What to work on
Retype exactly what runs from the first line of the data to the line with "11-Oz Maxwell House", keeping both of those lines and skipping pictures.

Given data

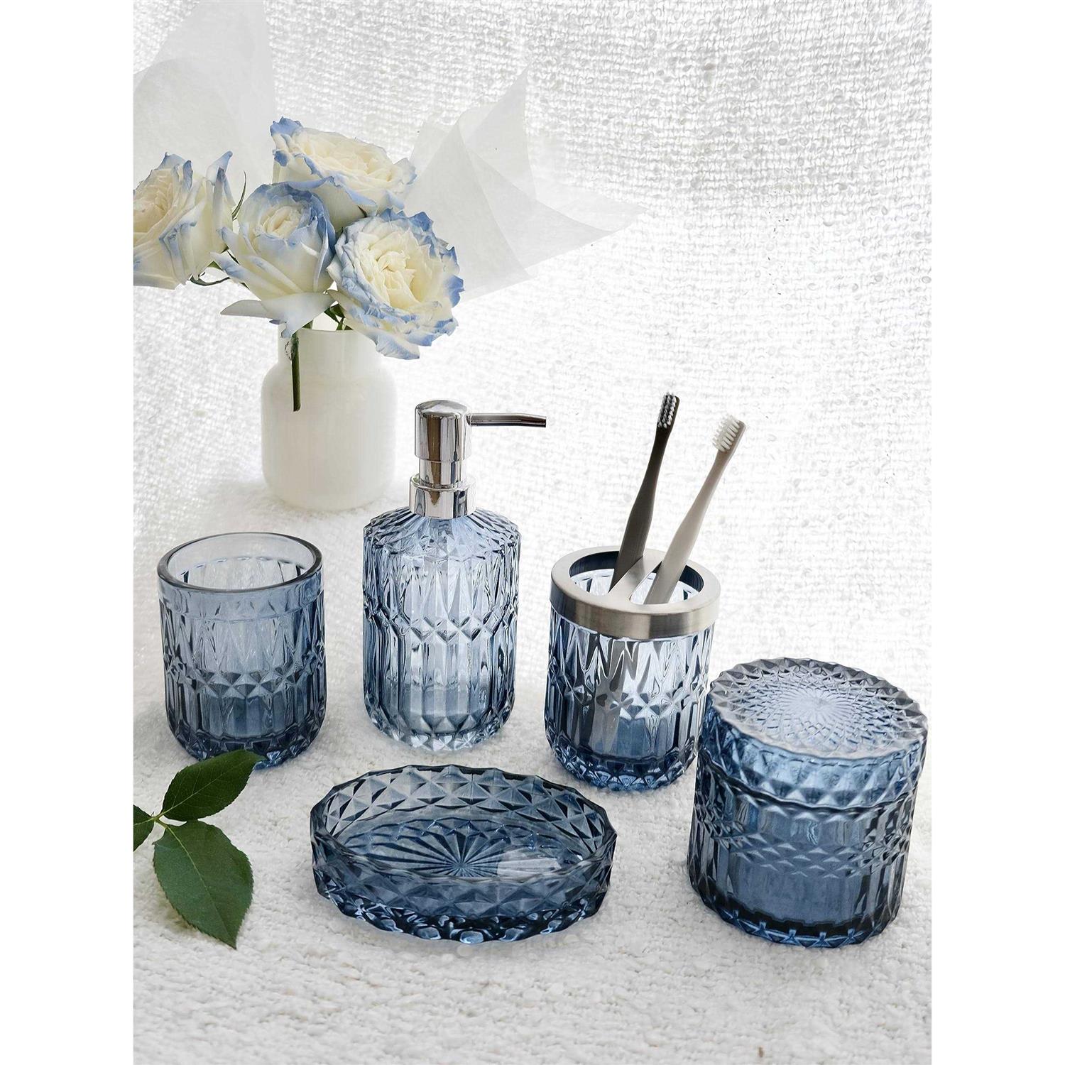 LaMarriti 5pcs Blue Glass Bathroom Accessory Complete Set, Lotion Dispenser, Soap Dish, Tumbler, Cotton Swab Jars, Toothbrush Holder Set, Modern
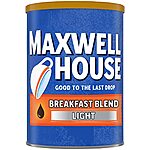 11-Oz Maxwell House Breakfast Blend Ground Coffee (Light Roast) $2.60 w/ S&S + Free Shipping w/ Prime or $25+
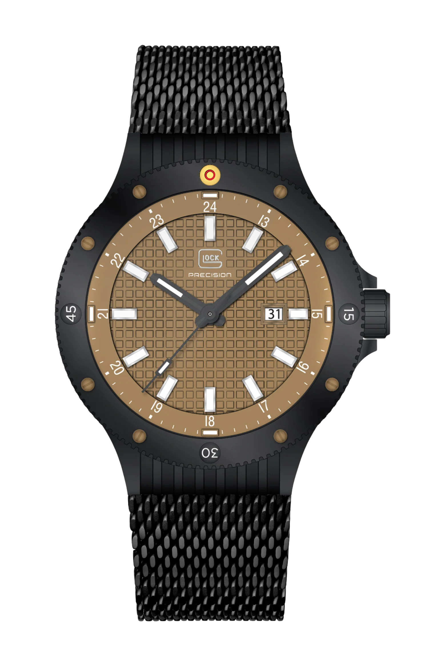 Bold character meets refined engineering in this exceptional timepiece. Encased in black stainless steel, the full coyote-tone dial with GLOCK’s signature RTF structure radiates tactical sophistication. Trigalights® integrated into the hands and at the 12, 3, 6, and 9-hour markers ensure constant readability, complemented by Swiss Super-LumiNova® for enhanced visibility in low light. A distinctive bullet detail on the bezel underscores the watch’s strong ballistic identity, while the black mesh strap provides a sleek, comfortable fit. Powered by a precise Swiss movement and water-resistant to 10 ATM, this watch embodies resilience, precision, and unmistakable GLOCK DNA.
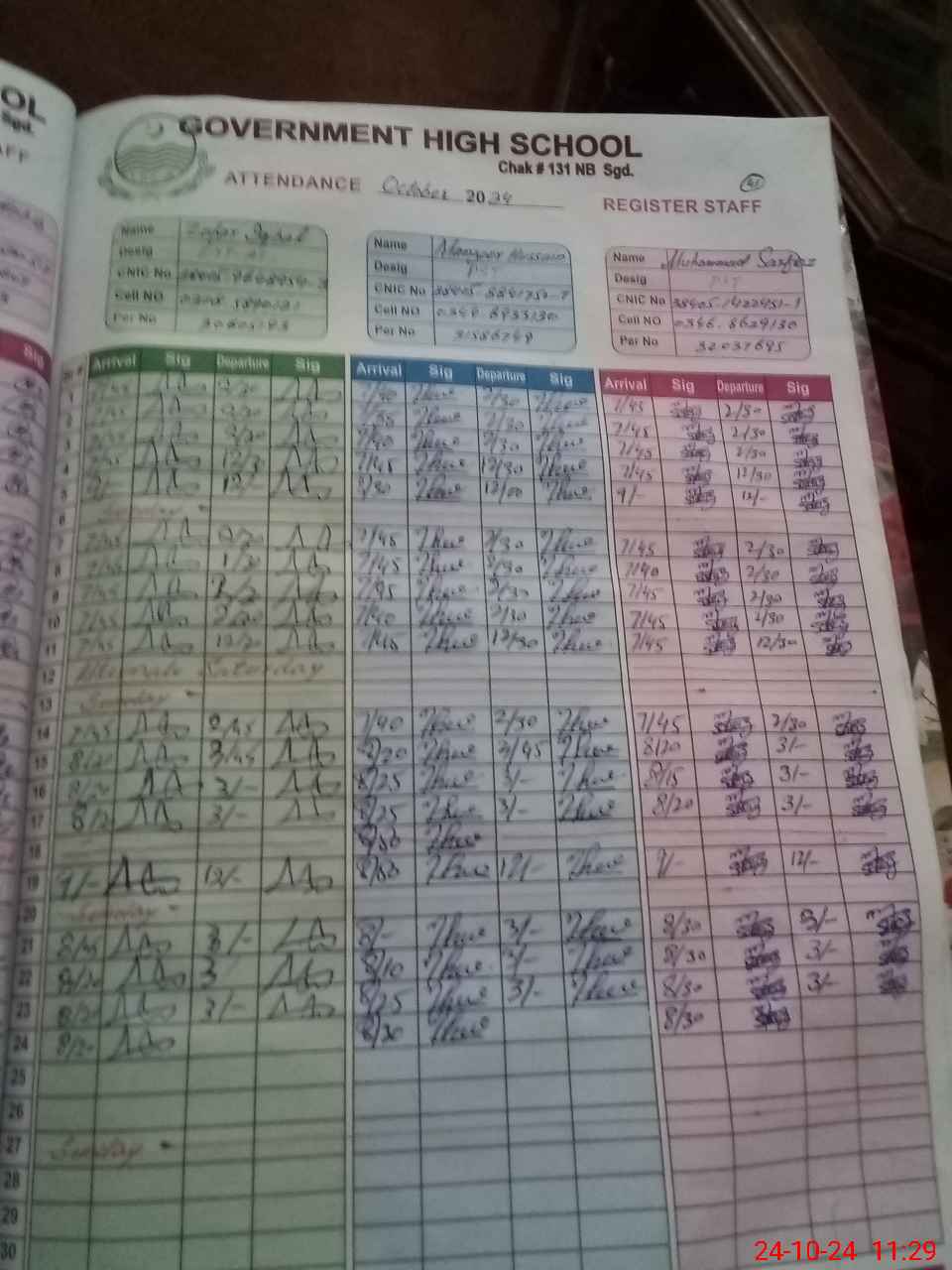 | CNIC | Full Name | Designation | R/C | Absence during last cal. month |

Reply to the exercise
 LaMarriti 5pcs Blue Glass Bathroom Accessory Complete Set, Lotion Dispenser, Soap Dish, Tumbler, Cotton Swab Jars, Toothbrush Holder Set, Modern
 11-Oz Maxwell House Breakfast Blend Ground Coffee (Light Roast) $2.60 w/ S&S + Free Shipping w/ Prime or $25+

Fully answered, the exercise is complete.